The activist said the learning experience was as inspiring as it was saddening.

“I also learned the power of being an advocate,” she said. “I learned that I could multiply the influence that I had as a grassroots volunteer if I could mobilize people, tell stories effectively and get people to act.”

Shahid said her volunteering experiences allowed her to understand her own role in the world around her.

“All of us have the power to create change,” she said.

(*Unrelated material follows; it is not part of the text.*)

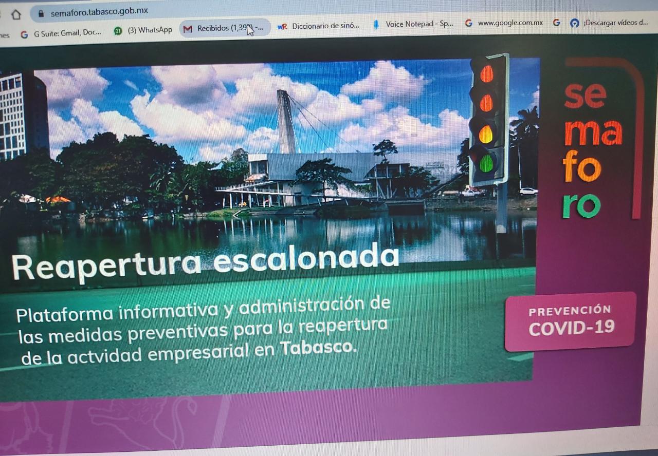 Tabasco, 17 junio; poderycritica.-Luego de la publicación del Plan para la Reactivación Económica de Tabasco en el Periódico Oficial, la titular de la Secretaría para el Desarrollo Económico y la Competitividad (Sedec), Mayra Elena Jacobo Priego, informó que la herramienta tecnológica semaforo.tabasco.gob.mx fue puesta a disposición para que el sector empresarial conozca los protocolos y demás medidas que deberá implementar a partir del próximo lunes 22 de junio.

Empowered, Shahid said she applied to some of the top schools in the United States with a personal statement that read: “My society is like a moth, drawn to the flame of its own destruction … I want to get a scholarship so that I can help my society, so that I can help other girls.”

Shahid said her full-ride to Stanford helped her understand her country’s problems in a much more academic way. Her deeper intellectual comprehension, paired with Stanford’s entrepreneurial brightest, primed her to think about constructive solutions for contentious issues.

As terrorism in Pakistan grew, Shahid said she “felt the social fabric of [her] society growing.” With its fray, Shahid felt beckoned to her homeland to apply what she had learned to those in need — girls who were forbidden to attend school, she said.

Shahid said she heard how the Taliban threatened young girls who wanted to attend school just three hours north of Pakistan’s capital and felt compelled to do something.

At 20 years old, Shahid was inspired by a little girl named Malala to help create an environment for girls where their education would not be destroyed.

“Discover beyond the life you were born into,” Shahid said. “Understanding who you are is not only an incredible responsibility but an immense joy.”